Although they deny it, the money that pours into Australian universities from China has an insidious silencing effect. It’s not just the income from student fees (as much as 15-20 per cent of total revenue at some of the leading universities) but cash for Confucius Institutes, multimillion-dollar gifts from Chinese benefactors and scores of lucrative joint research agreements with Chinese universities.

And so, under pressure from Chinese diplomats, the University of Sydney banished the Dalai Lama to an off-campus venue and banned use of the university’s logo at his lecture in 2013. At the prestigious Australian National University, the head of the Chinese students’ association allegedly walked into a busy campus pharmacy in 2016 and angrily pointed to the Epoch Times, the Falun Gong newspaper. He began shouting at the pharmacist, demanding “Who authorised you to distribute this?” Intimidated, the pharmacist removed the offending newspapers. University authorities did nothing.

Among those most dismayed at the dumping of my book are those Chinese-Australians who settled in this country to escape the strictures of the Communist Party yet feel increasingly alarmed as they see its growing influence here.
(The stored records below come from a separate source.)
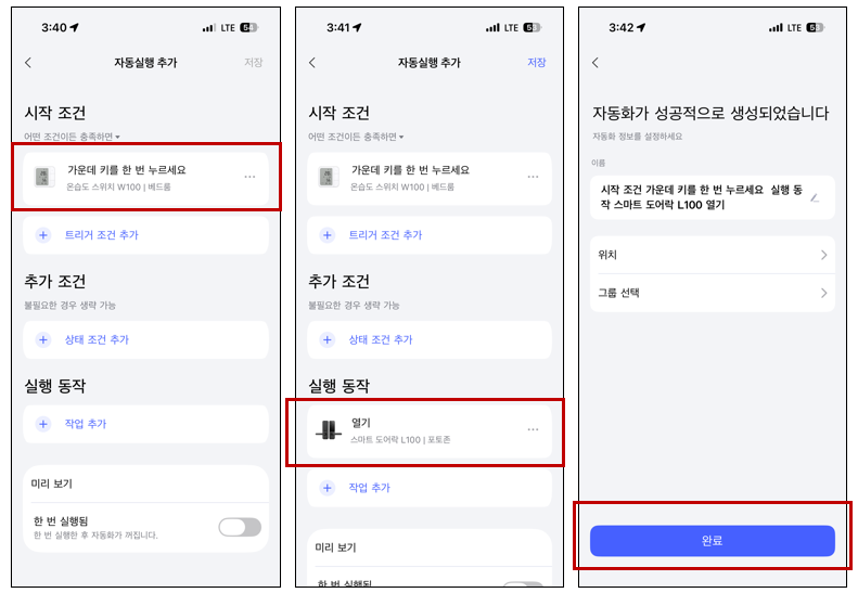 E1허브+도어락+W100온습도스위치로 문열림 설정하기
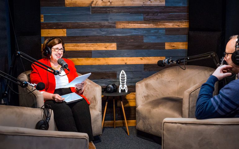It started with Nabokov and Brooks sharing ear pods and a microphone, with guests dialing in remotely. Now they record in a studio in the lobby of the bank’s Portland offices, equipped with three microphones and a sound board.
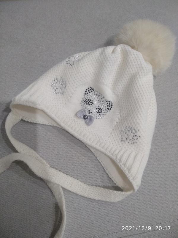 Шапочка для дівчинки, вовна + акрил, флісова підкладка, бумбон з натурального хутра. Шапочка м'якенька, приємна на дотик і дуже тепла. Півоб'єм в неростягнуьому вигляді 26 см. Стан ідеальний!
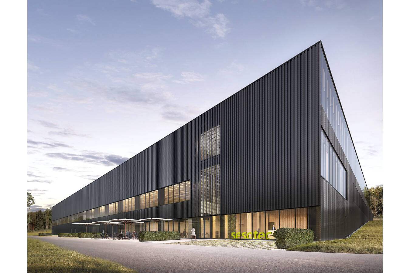 In puncto nachhaltiges Design und ressourcenschonende Maßnahmen und Funktionalität geht der Neubau von Sesotec aber noch einen Schritt weiter: Eine integrierte zweischichtige Fassade trägt nicht nur zur ästhetischen Gestaltung bei, sondern spielt auch eine Schlüsselrolle bei der Beschattung und Klimatisierung des Gebäudes. Diese speziell entworfene Fassade ermöglicht es, das natürliche Tageslicht optimal zu nutzen, während sie gleichzeitig die Hitze reduziert und so zu einer angenehmen Innentemperatur beiträgt. Dieses intelligente Design reduziert den

Over the past 15 to 20 years they have been outnumbered and outspent by pro-Beijing immigrants arriving in Australia, including billionaires with links to the CPC.

In the course of researching my book I spoke to many of those Chinese-Australians. As I formed a picture of their lives, I became offended at the fact that large numbers of Australian citizens live in fear of being pressured and penalised by an autocratic foreign government if they express their political opinions. Anonymous phone callers issue dark warnings to those who step out of line. I heard of a visa being refused to a man wanting to visit his dying mother, and of a brother’s business in China being closed down to punish his relative in Australia.

But never for a moment did I think that the reach of the Chinese government would be used to penalise me. Yet as one of my Chinese-Australian friends reminded me: “We are in the same boat.”

In a coda to this story, my manuscript has now been rejected by an initially enthusiastic university press, ostensibly for the same reason as Allen & Unwin. However, the grapevine tells me that the university became anxious about the river of gold from its Chinese students drying up if it were to publish a book critical of the CPC. To have one’s central thesis vindicated in this way is cold comfort.

Author Bio: Clive Hamilton is professor of public ethics at Charles Sturt University in Canberra. He is seeking a publisher for his book.